Records to process Block Start
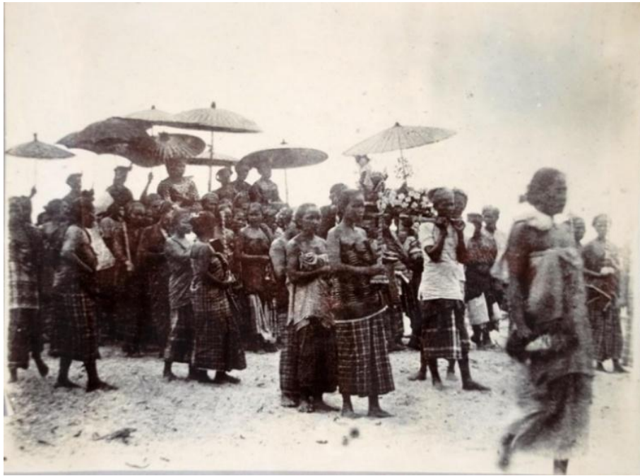
Figure 2 A noble procession in pre-circumcision procession from Pattani Province

Source: Museum of Archaeology and Anthropology, University of Cambridge 3
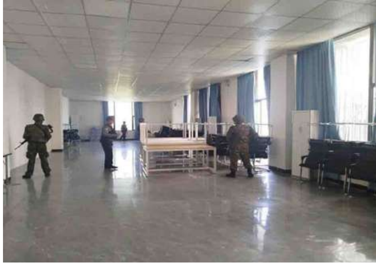
တရားမဝင်နိုင်ငံခြားသားများထားရှိနိုင်သည့် သုံးထပ်တိုက်အဆောက်အအုံ ဝင်ရောက်ရှင်းလင်းနေမှုကို တွေ့ရစဉ်။

ကစားမှုများ အများဆုံးအခြေချလုပ်ကိုင် လျက်ရှိကြသည့် ရွှေကုက္ကိုလ်နယ်မြေနှင့် KK Park နယ်မြေတို့၌ လုံခြုံရေးတပ်ဖွဲ့ ဝင်များ၊ အုပ်ချုပ်ရေးအဖွဲ့အစည်းများနှင့် ဒေသတွင်း တာဝန်ရှိသူများအပါအဝင် အဖွဲ့စုံပါဝင်သည့် ပူးပေါင်းအဖွဲ့ဖြင့် တရားမဝင် အဆောက်အအုံများအတွင်း ဝင်ရောက်ရှင်းလင်းခြင်း၊ အွန်လိုင်း လိမ်လည်လောင်းကစားမှု လုပ်ငန်းစဉ် များတွင်အသုံးပြုခဲ့သည့် သိမ်းဆည်းရမိ
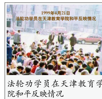
法轮功学员在天津教育学院和平反映情况

1999 年 4 月 11 日，中国科学院院士何祚庥，在天津教育学院主办的杂志上发表了污蔑法轮功的文章。因此，4 月 18 日至 24 日，一些法轮功学员前往天津教育学院及相关机构反映实情。起初院方承诺尽快更正，挽回影响，但在 4 月 23 日，天津市公安局却突然出动 300 多名防暴警察，殴打并抓捕了 40 多名法轮功学员。当法轮功学员要求放人时，得到的答复是：“我们是执行北京的命令，你们要反映情况就去北京吧。”
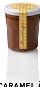
POT DE CARAMEL À LA FLEUR DE SEL
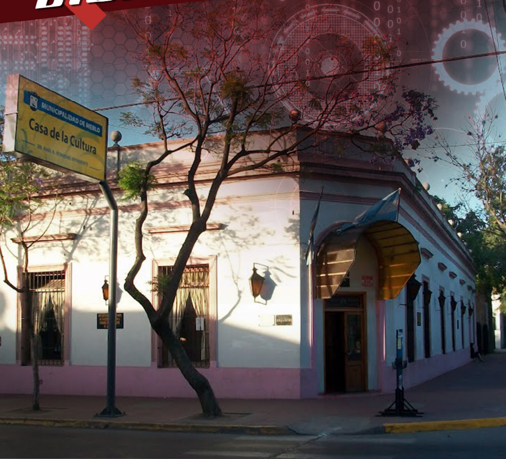
Municipalidad de Merlo "Casa de la Cultura"
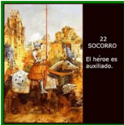
22 SOCORRO El héroe es auxiliado.

Cyril, el mago orgulloso, que vilmente deseaba la muerte de Aetos, pues también codiciaba el águila perdida, había recuperado la soberbia ave del pueblo de los nómadas asustados que la abandonaron, y envió una fuerte tormenta sobre el mar que intentaban cruzar Aetos, el rey y su hija.
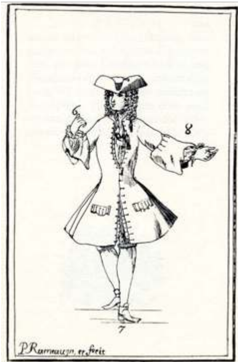
Pierre Rameau, Le Maître à danser , Naissance de l'opposition, p. 218 gallica.bnf.fr/BNF, Département Réserve des livres rares, RES-V-2587
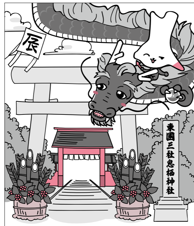
※カミスココくんのイラストは、まちがいさがしクイズ用に特別に加工したものです
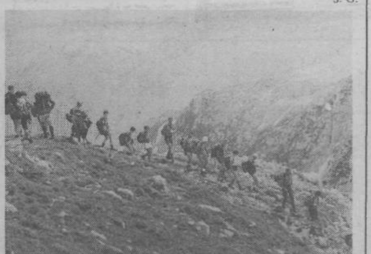
Del stotnje Saturnužanov ob sestopanju s Krna

gusta na Monte Cavallo v Italiji, 22. avgusta na Veliko Rateško Ponco in 29. ter 30. avgusta na Špik. V septembru se bodo Saturnužani udeležili zbora planincev, ki bo 14. septembra; 20. septembra bodo šli na Kepo, 27. septembra pa na Veliki Draški vrh. Vmes bodo še akcije prostovoljnega dela pri gradnji koč na Veliki planini. S. G.
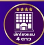
พักโรงแรม 4 ดาว
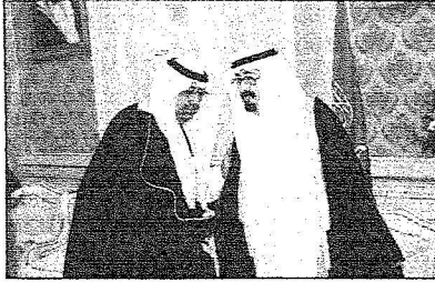
سمو وزير الحريية يتشرف بالسلام على خادم الحرمين
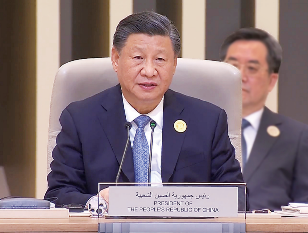
当地时间12月9日下午，国家主席习近平出席首届中国—阿拉伯国家峰会并发表题为《弘扬中阿友好精神 携手构建面向新时代的中阿命运共同体》的主旨讲话。

强调弘扬守望相助、平等互利、包容互鉴的中阿友好精神，携手构建面向新时代的中阿命运共同体
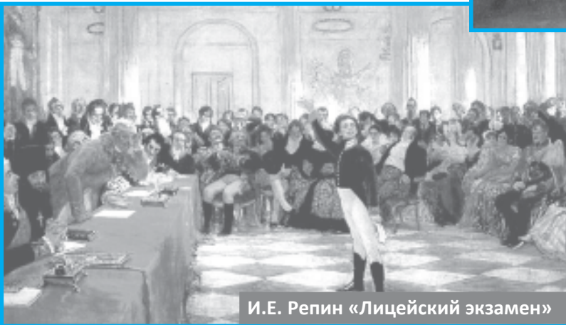
И.Е. Репин «Лицейский экзамен»

Полную версию статьи читайте на сайте coe.ulstu.ru
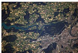
Vista satelital de la ciudad

Berna está ubicada geográficamente en la zona del Mittelland , en la meseta suiza . La ciudad se limitaba a su centro histórico encerrado entre un meandro del Aar y los muros de la ciudad hasta 1834. Con la apertura de los muros y la construcción de puentes para atravesar el río, la ciudad se expandió en todas direcciones. La ciudad limita al norte con las comunas de Frauenkappelen , Wohlen bei Bern , Kirchlindach , Bremgarten bei Bern , Zollikofen e Ittigen , al este con Ostermundigen y Muri bei Bern , al sur con Köniz y Neuenegg , y al oeste con Mühleberg y está situada en el distrito administrativo de Berna-Mittelland .
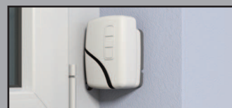
Azionamento con accumulatore 12 V

optional con comando a distanza senza allacciamento elettrico
Records to process Block End
**Assignment:**
Reproduce, word for word, everything in the listing above from the line containing "Полную версию статьи" down to the line containing "Vista satelital de la ciudad", both of them included. No pictures.

**Output for this exercise:**
Полную версию статьи читайте на сайте coe.ulstu.ru
Vista satelital de la ciudad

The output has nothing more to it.